*** Opening of Task data ***

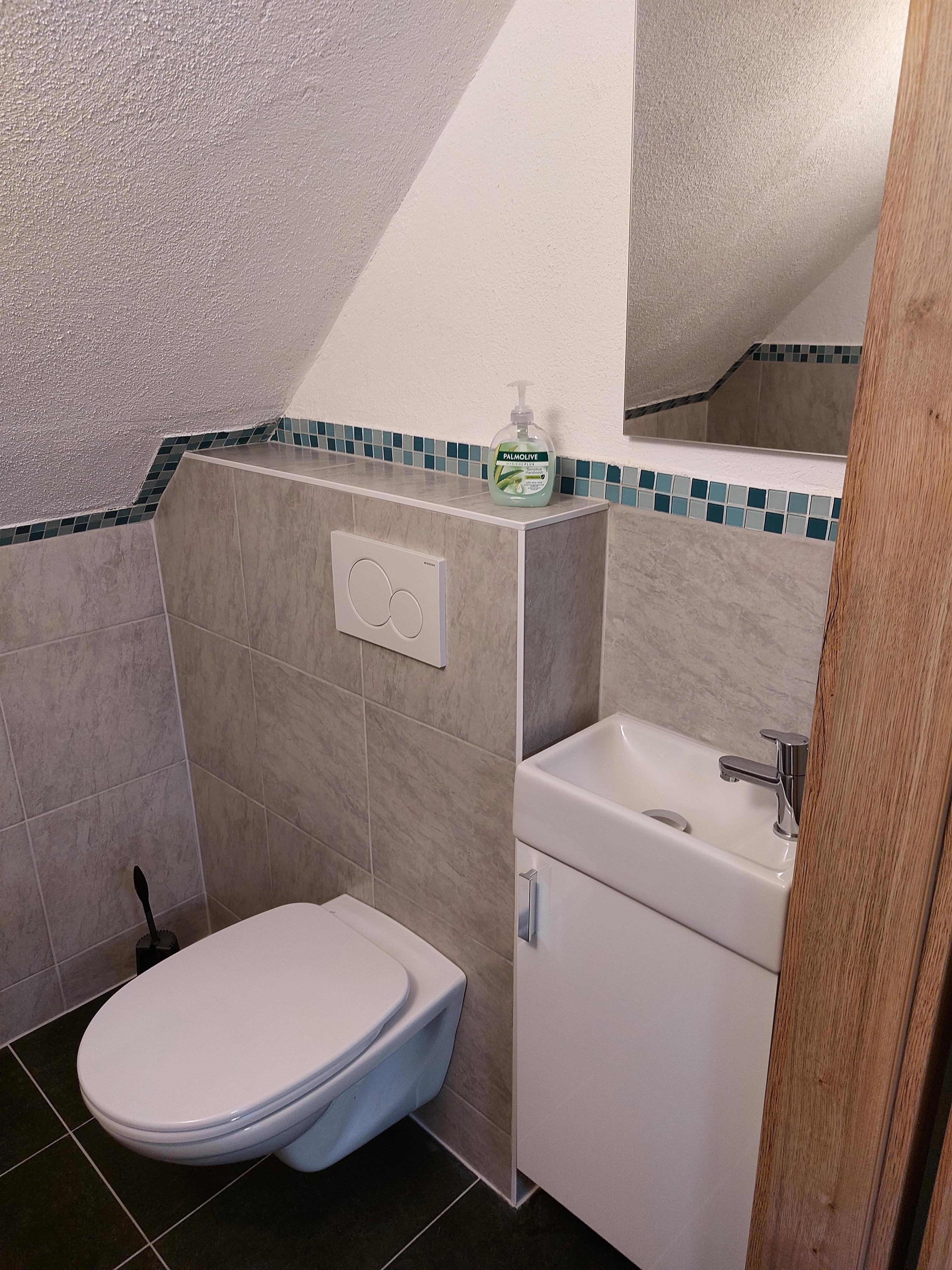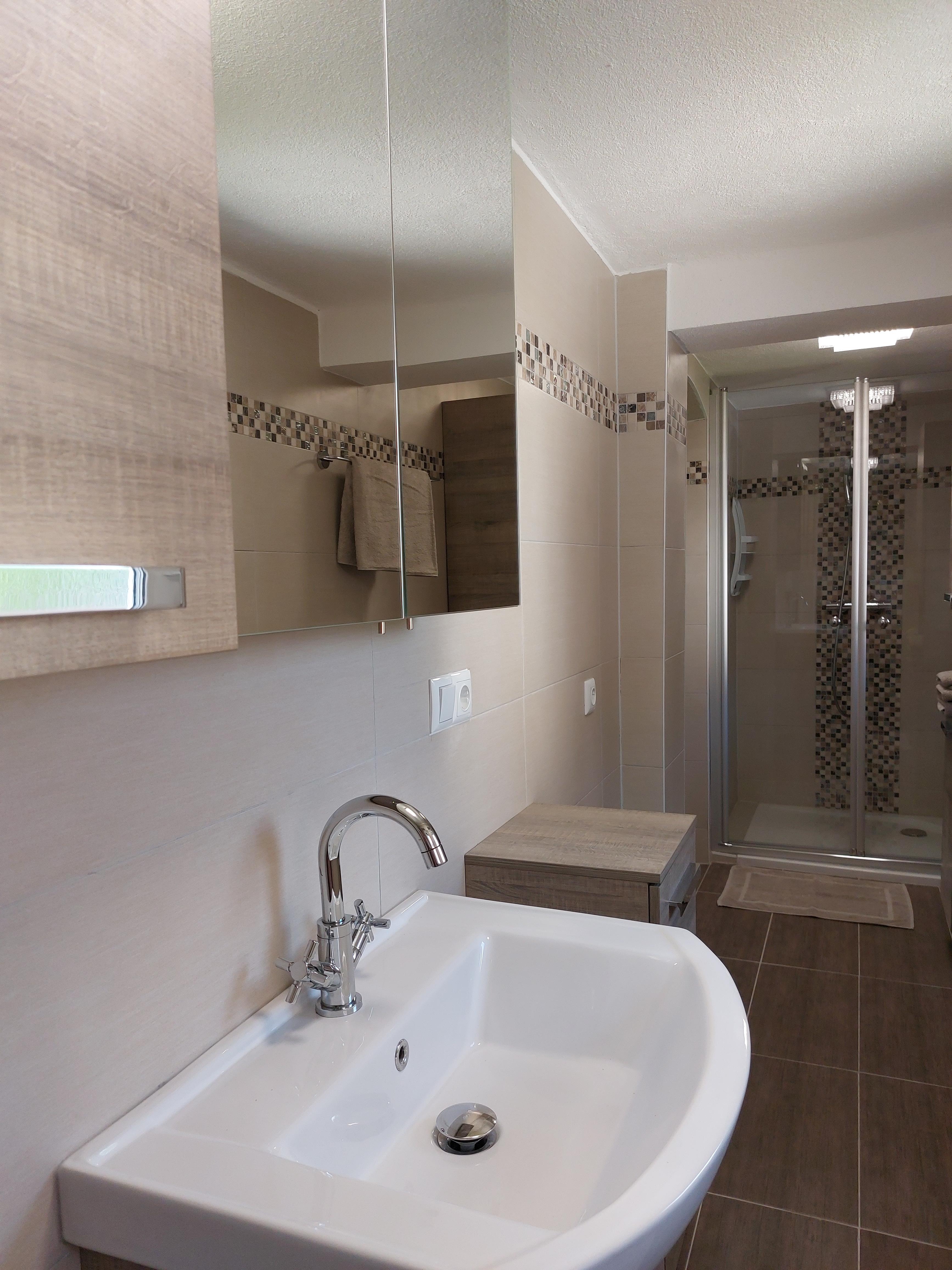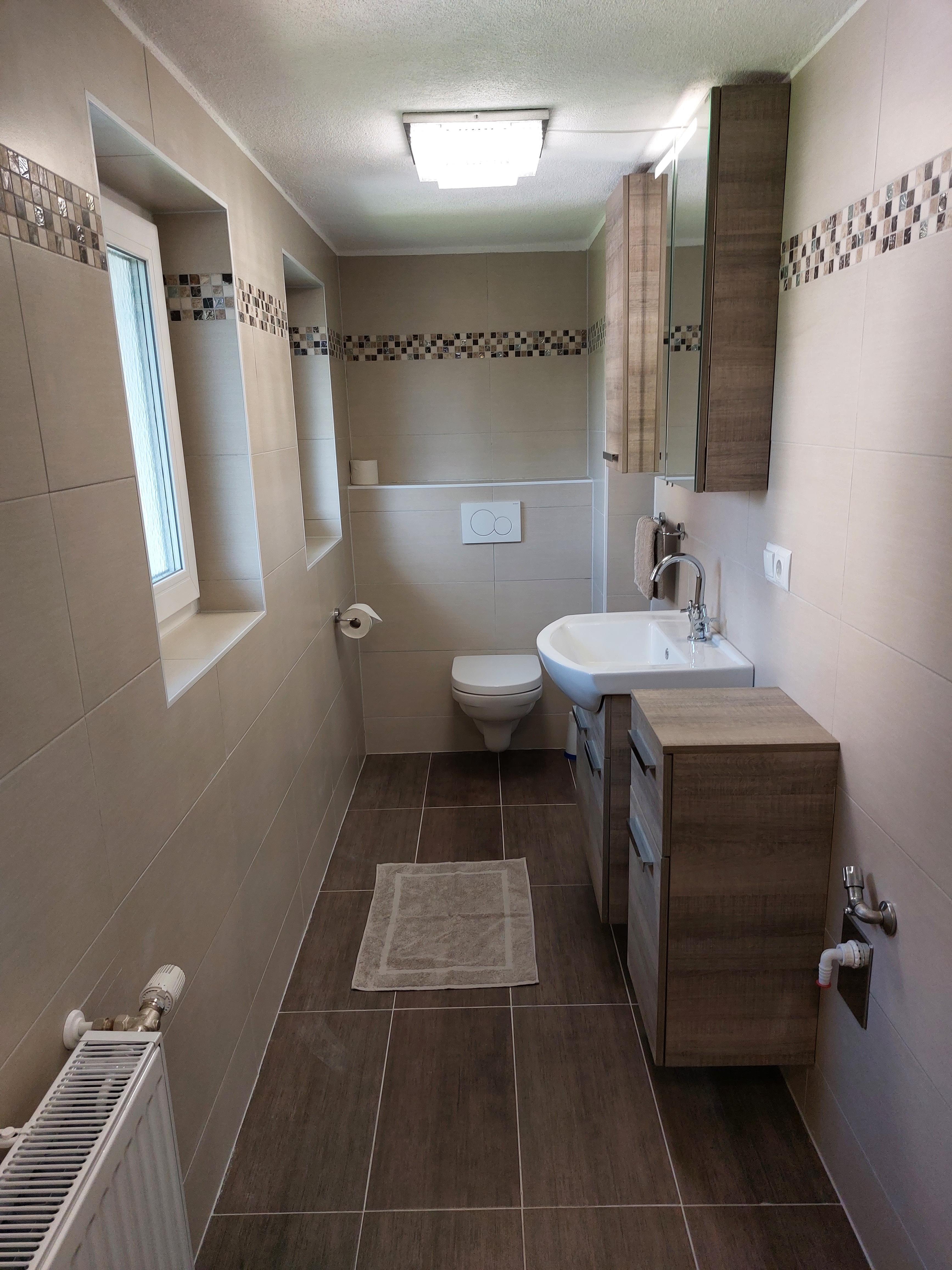1 Badezimmer mit großer Dusche, Fenster, und einem WC
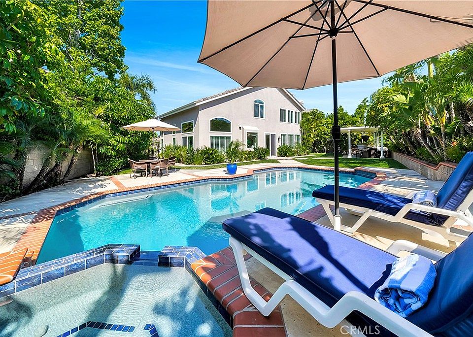 ***SPECTACULAR POOL HOME LOCATED IN THE PRESTIGIOUS NEIGHBORHOOD OF BELMONT RIDGE***PRIME END OF THE CUL DE SAC LOCATION***This stunning executive home shows meticulous attention to detail. It offers a seamless blend of elegance and functionality. From the moment you arrive, you'll notice the impeccable landscaping and private gated courtyard. The elegant entry features handsome wood flooring and an abundance of natural light flooding the open space. Impressive formal living room with high ceilings and a large front window overlooks the courtyard. The formal dining room with magnificent backyard/pool views is perfect for entertaining guests. The well-appointed kitchen provides functionality and style for the culinary enthusiast featuring beautiful white cabinetry, quartz countertops, custom stone backsplash, Thermador and Bosch appliances, and a center island. The cozy family room with a custom stone fireplace opens to the kitchen, offering incredible pool views. A custom-built wine room is perfectly showcased with a custom glass door for wine enthusiasts. The Main-level bedroom has a full bath with a walk-in shower and is ideal for in-laws or guests. Large laundry room with plenty of built-in cabinet space also has a sink and secondary refrigerator. The third car garage space was converted to an office for those who require privacy when working from home. The grand spiral staircase leads you to the second level. A stately primary suite with high ceilings overlooks the remarkable backyard and pool. The primary bath features a touch of elegance, offering white quartz countertops, white cabinetry, dual sinks, a vanity station, a walk-in shower, and a stunning sitting tub with a large walk-in closet. Two additional bedrooms share a secondary bath with dual sinks and a custom walk-in shower. A HUGE bonus room/5th bedroom with high ceilings offers a fantastic space for the kids. Luxurious outdoor living is yours in this backyard oasis! Your family will enjoy hours of fun in the beautiful, sparkling pool and spa! The entire yard is meticulously maintained with a lush mature landscape and a large grass area for outdoor play with a putting green. A separate covered patio with a built-in BBQ, outdoor speakers, and a seating area is ideal for outdoor entertaining. Additionally, 34 solar panels, a new roof, and a whole house water filtration system were added. This is the dream home you have been waiting for! ***So Cal living at its finest***
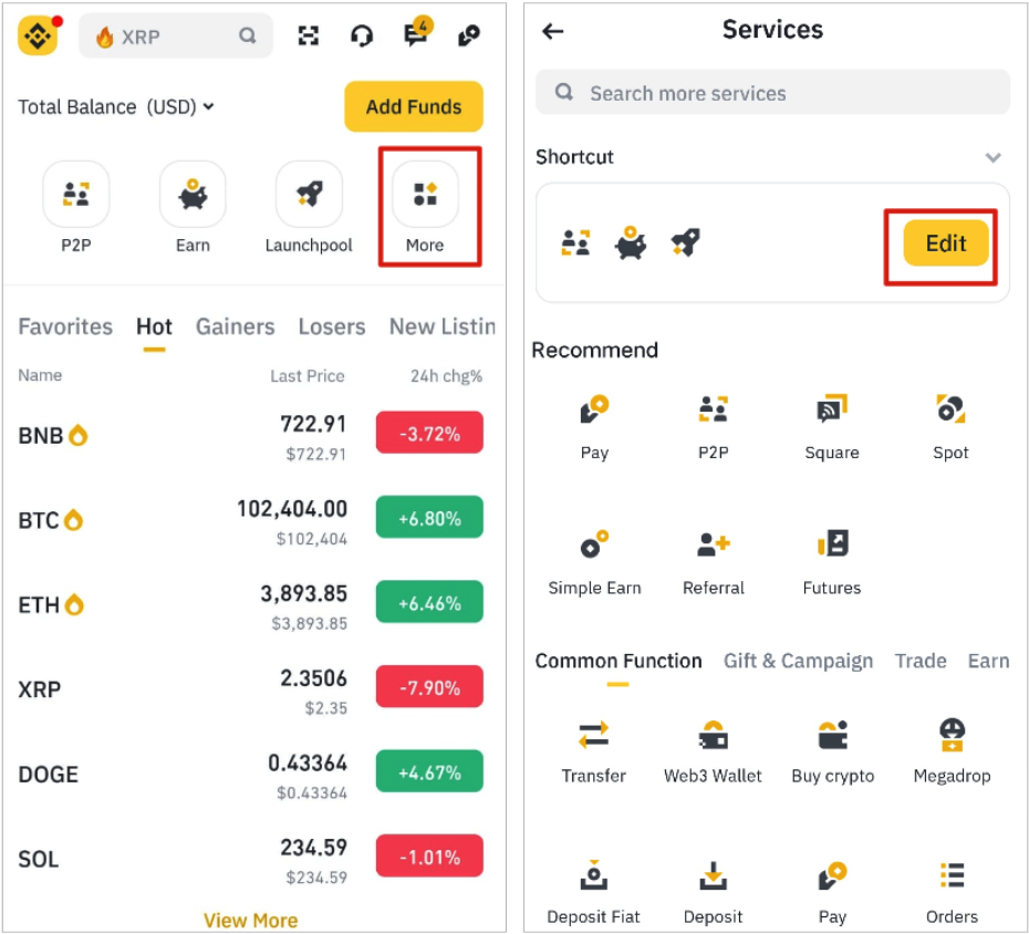 在主頁上點擊[更多],然後在服務頁面上選擇[編輯]。
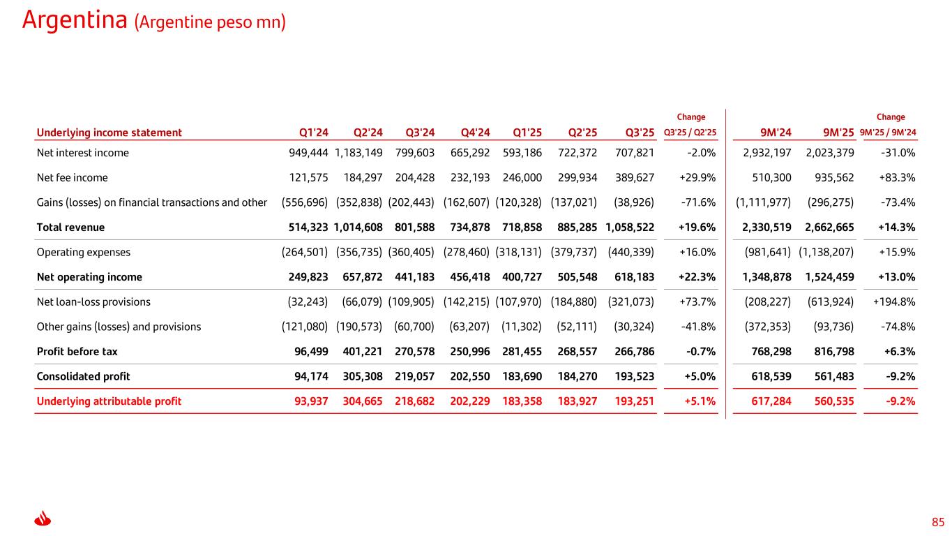 85 Argentina (Argentine peso mn) Change Change Underlying income statement Q1'24 Q2'24 Q3'24 Q4'24 Q1'25 Q2'25 Q3'25 Q3'25 / Q2'25 9M'24 9M'25 9M'25 / 9M'24 Net interest income 949,444 1,183,149 799,603 665,292 593,186 722,372 707,821 -2.0% 2,932,197 2,023,379 -31.0% Net fee income 121,575 184,297 204,428 232,193 246,000 299,934 389,627 +29.9% 510,300 935,562 +83.3% Gains (losses) on financial transactions and other (556,696) (352,838) (202,443) (162,607) (120,328) (137,021) (38,926) -71.6% (1,111,977) (296,275) -73.4% Total revenue 514,323 1,014,608 801,588 734,878 718,858 885,285 1,058,522 +19.6% 2,330,519 2,662,665 +14.3% Operating expenses (264,501) (356,735) (360,405) (278,460) (318,131) (379,737) (440,339) +16.0% (981,641) (1,138,207) +15.9% Net operating income 249,823 657,872 441,183 456,418 400,727 505,548 618,183 +22.3% 1,348,878 1,524,459 +13.0% Net loan-loss provisions (32,243) (66,079) (109,905) (142,215) (107,970) (184,880) (321,073) +73.7% (208,227) (613,924) +194.8% Other gains (losses) and provisions (121,080) (190,573) (60,700) (63,207) (11,302) (52,111) (30,324) -41.8% (372,353) (93,736) -74.8% Profit before tax 96,499 401,221 270,578 250,996 281,455 268,557 266,786 -0.7% 768,298 816,798 +6.3% Consolidated profit 94,174 305,308 219,057 202,550 183,690 184,270 193,523 +5.0% 618,539 561,483 -9.2% Underlying attributable profit 93,937 304,665 218,682 202,229 183,358 183,927 193,251 +5.1% 617,284 560,535 -9.2%
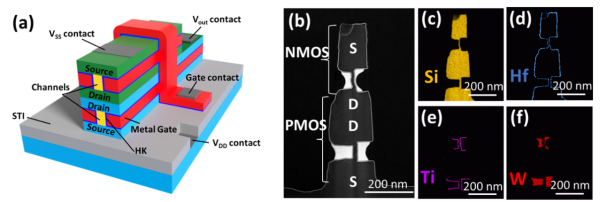 (a) 单片集成CVFET器件架构图; (b)单片集成CVFET器件的TEM截面图和(c-f)EDX元素分布图
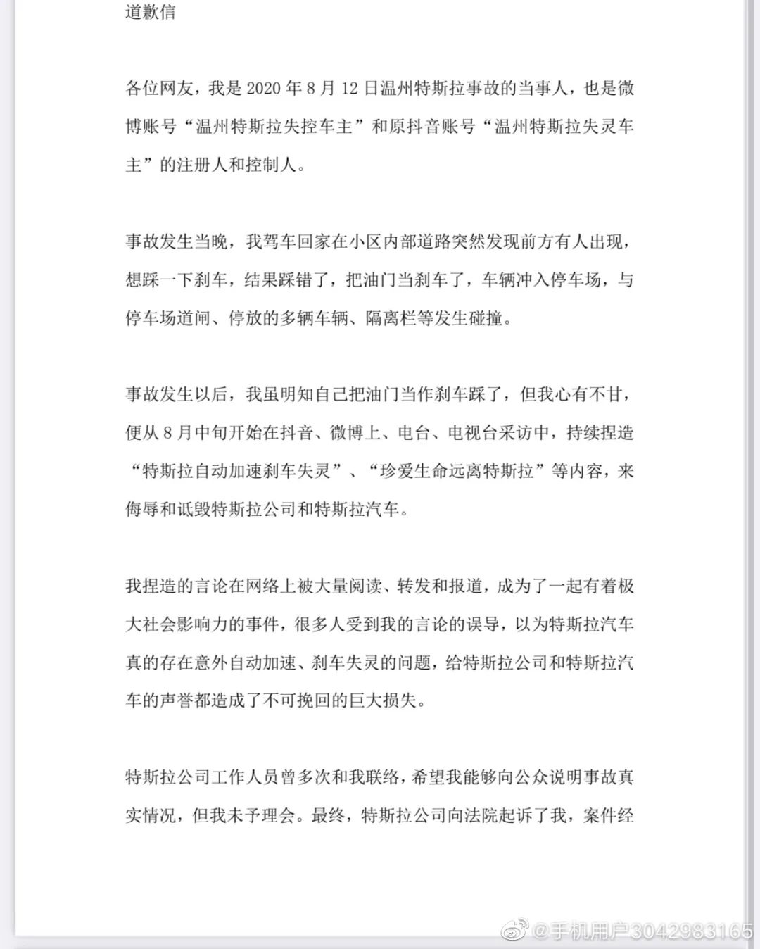最后该当事人表示已经认识到了自己的错误,向特斯拉公司和网友道歉,称“不要被自己的私心和他人的蛊惑而蒙蔽了双眼”。
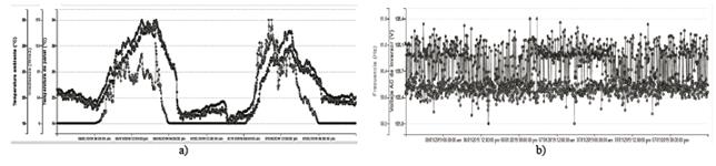 Monitoring of data between the sensors and device, and between device and ARTIMO server was performed starting with the installation [10]. The transmission of the data fell between 1 and 3 hours approximately from the time it sarted (similar to a problem of intermittence that came up during the trial of the electrogene group), which meant less than 20% of day availability. as well as a variable unexpected sampling rate in the platform. Likewise, a problem of unpredictable variation was identified. Finally, the firmware was modified in order to not store the data queue with each frame sent to the mobile network, solving the transmission fall situation.
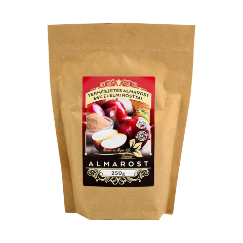 Természetes almarost, 66%-os élelmi rosttal. Az almarost nemcsak az alma húsát, héját, hanem az alma magházat és az almamagot is tartalmazza.
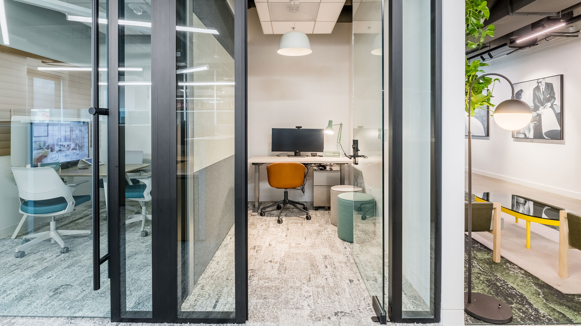 HALLWAY: Offices with QUADRO walls and doors with ladder pulls in closed positions.

*** Close of Task data ***

When you repeat the lines above, keep them exact and leave out each image they contain.

*Result*:
1 Badezimmer mit großer Dusche, Fenster, und einem WC
 ***SPECTACULAR POOL HOME LOCATED IN THE PRESTIGIOUS NEIGHBORHOOD OF BELMONT RIDGE***PRIME END OF THE CUL DE SAC LOCATION***This stunning executive home shows meticulous attention to detail. It offers a seamless blend of elegance and functionality. From the moment you arrive, you'll notice the impeccable landscaping and private gated courtyard. The elegant entry features handsome wood flooring and an abundance of natural light flooding the open space. Impressive formal living room with high ceilings and a large front window overlooks the courtyard. The formal dining room with magnificent backyard/pool views is perfect for entertaining guests. The well-appointed kitchen provides functionality and style for the culinary enthusiast featuring beautiful white cabinetry, quartz countertops, custom stone backsplash, Thermador and Bosch appliances, and a center island. The cozy family room with a custom stone fireplace opens to the kitchen, offering incredible pool views. A custom-built wine room is perfectly showcased with a custom glass door for wine enthusiasts. The Main-level bedroom has a full bath with a walk-in shower and is ideal for in-laws or guests. Large laundry room with plenty of built-in cabinet space also has a sink and secondary refrigerator. The third car garage space was converted to an office for those who require privacy when working from home. The grand spiral staircase leads you to the second level. A stately primary suite with high ceilings overlooks the remarkable backyard and pool. The primary bath features a touch of elegance, offering white quartz countertops, white cabinetry, dual sinks, a vanity station, a walk-in shower, and a stunning sitting tub with a large walk-in closet. Two additional bedrooms share a secondary bath with dual sinks and a custom walk-in shower. A HUGE bonus room/5th bedroom with high ceilings offers a fantastic space for the kids. Luxurious outdoor living is yours in this backyard oasis! Your family will enjoy hours of fun in the beautiful, sparkling pool and spa! The entire yard is meticulously maintained with a lush mature landscape and a large grass area for outdoor play with a putting green. A separate covered patio with a built-in BBQ, outdoor speakers, and a seating area is ideal for outdoor entertaining. Additionally, 34 solar panels, a new roof, and a whole house water filtration system were added. This is the dream home you have been waiting for! ***So Cal living at its finest***
 在主頁上點擊[更多],然後在服務頁面上選擇[編輯]。
 85 Argentina (Argentine peso mn) Change Change Underlying income statement Q1'24 Q2'24 Q3'24 Q4'24 Q1'25 Q2'25 Q3'25 Q3'25 / Q2'25 9M'24 9M'25 9M'25 / 9M'24 Net interest income 949,444 1,183,149 799,603 665,292 593,186 722,372 707,821 -2.0% 2,932,197 2,023,379 -31.0% Net fee income 121,575 184,297 204,428 232,193 246,000 299,934 389,627 +29.9% 510,300 935,562 +83.3% Gains (losses) on financial transactions and other (556,696) (352,838) (202,443) (162,607) (120,328) (137,021) (38,926) -71.6% (1,111,977) (296,275) -73.4% Total revenue 514,323 1,014,608 801,588 734,878 718,858 885,285 1,058,522 +19.6% 2,330,519 2,662,665 +14.3% Operating expenses (264,501) (356,735) (360,405) (278,460) (318,131) (379,737) (440,339) +16.0% (981,641) (1,138,207) +15.9% Net operating income 249,823 657,872 441,183 456,418 400,727 505,548 618,183 +22.3% 1,348,878 1,524,459 +13.0% Net loan-loss provisions (32,243) (66,079) (109,905) (142,215) (107,970) (184,880) (321,073) +73.7% (208,227) (613,924) +194.8% Other gains (losses) and provisions (121,080) (190,573) (60,700) (63,207) (11,302) (52,111) (30,324) -41.8% (372,353) (93,736) -74.8% Profit before tax 96,499 401,221 270,578 250,996 281,455 268,557 266,786 -0.7% 768,298 816,798 +6.3% Consolidated profit 94,174 305,308 219,057 202,550 183,690 184,270 193,523 +5.0% 618,539 561,483 -9.2% Underlying attributable profit 93,937 304,665 218,682 202,229 183,358 183,927 193,251 +5.1% 617,284 560,535 -9.2%
 (a) 单片集成CVFET器件架构图; (b)单片集成CVFET器件的TEM截面图和(c-f)EDX元素分布图
最后该当事人表示已经认识到了自己的错误,向特斯拉公司和网友道歉,称“不要被自己的私心和他人的蛊惑而蒙蔽了双眼”。
 Monitoring of data between the sensors and device, and between device and ARTIMO server was performed starting with the installation [10]. The transmission of the data fell between 1 and 3 hours approximately from the time it sarted (similar to a problem of intermittence that came up during the trial of the electrogene group), which meant less than 20% of day availability. as well as a variable unexpected sampling rate in the platform. Likewise, a problem of unpredictable variation was identified. Finally, the firmware was modified in order to not store the data queue with each frame sent to the mobile network, solving the transmission fall situation.
 Természetes almarost, 66%-os élelmi rosttal. Az almarost nemcsak az alma húsát, héját, hanem az alma magházat és az almamagot is tartalmazza.
 HALLWAY: Offices with QUADRO walls and doors with ladder pulls in closed positions.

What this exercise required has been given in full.